> Exercise details
Exact copy, no pictures: output each line below as it stands.

Stored data: Begin

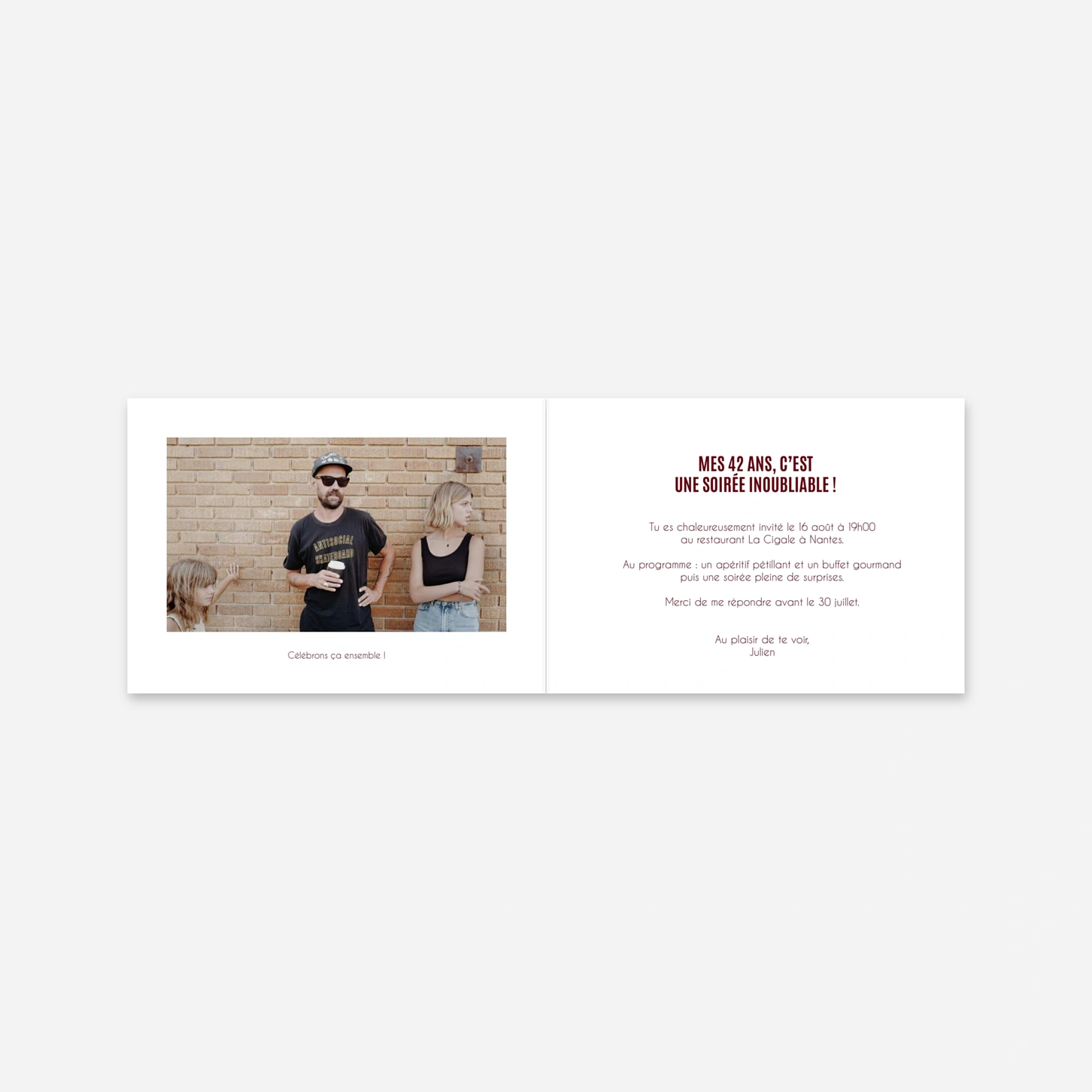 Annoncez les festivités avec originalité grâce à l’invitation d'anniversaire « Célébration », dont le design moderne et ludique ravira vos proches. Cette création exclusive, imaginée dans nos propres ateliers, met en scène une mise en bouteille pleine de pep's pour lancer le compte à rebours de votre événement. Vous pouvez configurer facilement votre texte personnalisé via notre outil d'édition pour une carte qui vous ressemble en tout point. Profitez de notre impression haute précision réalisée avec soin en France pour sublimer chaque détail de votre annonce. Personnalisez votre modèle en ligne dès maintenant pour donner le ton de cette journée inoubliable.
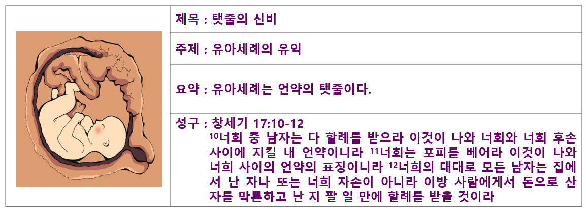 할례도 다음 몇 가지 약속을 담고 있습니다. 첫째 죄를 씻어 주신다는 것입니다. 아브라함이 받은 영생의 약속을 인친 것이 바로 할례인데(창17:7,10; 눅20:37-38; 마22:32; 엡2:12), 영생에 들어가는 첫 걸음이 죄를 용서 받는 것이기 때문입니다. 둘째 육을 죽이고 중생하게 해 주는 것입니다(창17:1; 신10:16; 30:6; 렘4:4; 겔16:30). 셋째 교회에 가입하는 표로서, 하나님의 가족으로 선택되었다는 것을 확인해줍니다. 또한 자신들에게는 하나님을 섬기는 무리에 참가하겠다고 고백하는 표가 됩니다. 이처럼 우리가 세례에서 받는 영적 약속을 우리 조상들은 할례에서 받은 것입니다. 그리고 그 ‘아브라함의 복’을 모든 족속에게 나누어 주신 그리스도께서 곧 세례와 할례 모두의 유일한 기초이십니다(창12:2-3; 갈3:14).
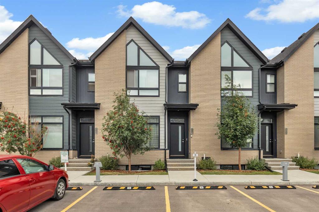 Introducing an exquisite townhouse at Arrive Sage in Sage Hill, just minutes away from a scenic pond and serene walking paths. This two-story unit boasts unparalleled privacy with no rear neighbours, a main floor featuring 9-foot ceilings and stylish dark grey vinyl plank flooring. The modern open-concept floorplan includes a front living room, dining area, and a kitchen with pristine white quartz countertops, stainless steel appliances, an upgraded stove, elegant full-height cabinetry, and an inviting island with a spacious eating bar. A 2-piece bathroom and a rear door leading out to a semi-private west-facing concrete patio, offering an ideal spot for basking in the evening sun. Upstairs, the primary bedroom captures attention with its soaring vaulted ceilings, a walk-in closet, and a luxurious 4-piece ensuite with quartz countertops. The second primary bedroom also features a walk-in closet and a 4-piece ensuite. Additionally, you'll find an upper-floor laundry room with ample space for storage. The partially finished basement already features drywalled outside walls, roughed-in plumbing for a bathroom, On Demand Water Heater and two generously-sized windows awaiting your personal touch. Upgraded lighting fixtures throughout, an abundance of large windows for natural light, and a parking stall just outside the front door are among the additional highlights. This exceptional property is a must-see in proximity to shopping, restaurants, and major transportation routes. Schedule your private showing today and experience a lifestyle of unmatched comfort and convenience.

Stored data: End

> Solution to the exercise
 Annoncez les festivités avec originalité grâce à l’invitation d'anniversaire « Célébration », dont le design moderne et ludique ravira vos proches. Cette création exclusive, imaginée dans nos propres ateliers, met en scène une mise en bouteille pleine de pep's pour lancer le compte à rebours de votre événement. Vous pouvez configurer facilement votre texte personnalisé via notre outil d'édition pour une carte qui vous ressemble en tout point. Profitez de notre impression haute précision réalisée avec soin en France pour sublimer chaque détail de votre annonce. Personnalisez votre modèle en ligne dès maintenant pour donner le ton de cette journée inoubliable.
 할례도 다음 몇 가지 약속을 담고 있습니다. 첫째 죄를 씻어 주신다는 것입니다. 아브라함이 받은 영생의 약속을 인친 것이 바로 할례인데(창17:7,10; 눅20:37-38; 마22:32; 엡2:12), 영생에 들어가는 첫 걸음이 죄를 용서 받는 것이기 때문입니다. 둘째 육을 죽이고 중생하게 해 주는 것입니다(창17:1; 신10:16; 30:6; 렘4:4; 겔16:30). 셋째 교회에 가입하는 표로서, 하나님의 가족으로 선택되었다는 것을 확인해줍니다. 또한 자신들에게는 하나님을 섬기는 무리에 참가하겠다고 고백하는 표가 됩니다. 이처럼 우리가 세례에서 받는 영적 약속을 우리 조상들은 할례에서 받은 것입니다. 그리고 그 ‘아브라함의 복’을 모든 족속에게 나누어 주신 그리스도께서 곧 세례와 할례 모두의 유일한 기초이십니다(창12:2-3; 갈3:14).
 Introducing an exquisite townhouse at Arrive Sage in Sage Hill, just minutes away from a scenic pond and serene walking paths. This two-story unit boasts unparalleled privacy with no rear neighbours, a main floor featuring 9-foot ceilings and stylish dark grey vinyl plank flooring. The modern open-concept floorplan includes a front living room, dining area, and a kitchen with pristine white quartz countertops, stainless steel appliances, an upgraded stove, elegant full-height cabinetry, and an inviting island with a spacious eating bar. A 2-piece bathroom and a rear door leading out to a semi-private west-facing concrete patio, offering an ideal spot for basking in the evening sun. Upstairs, the primary bedroom captures attention with its soaring vaulted ceilings, a walk-in closet, and a luxurious 4-piece ensuite with quartz countertops. The second primary bedroom also features a walk-in closet and a 4-piece ensuite. Additionally, you'll find an upper-floor laundry room with ample space for storage. The partially finished basement already features drywalled outside walls, roughed-in plumbing for a bathroom, On Demand Water Heater and two generously-sized windows awaiting your personal touch. Upgraded lighting fixtures throughout, an abundance of large windows for natural light, and a parking stall just outside the front door are among the additional highlights. This exceptional property is a must-see in proximity to shopping, restaurants, and major transportation routes. Schedule your private showing today and experience a lifestyle of unmatched comfort and convenience.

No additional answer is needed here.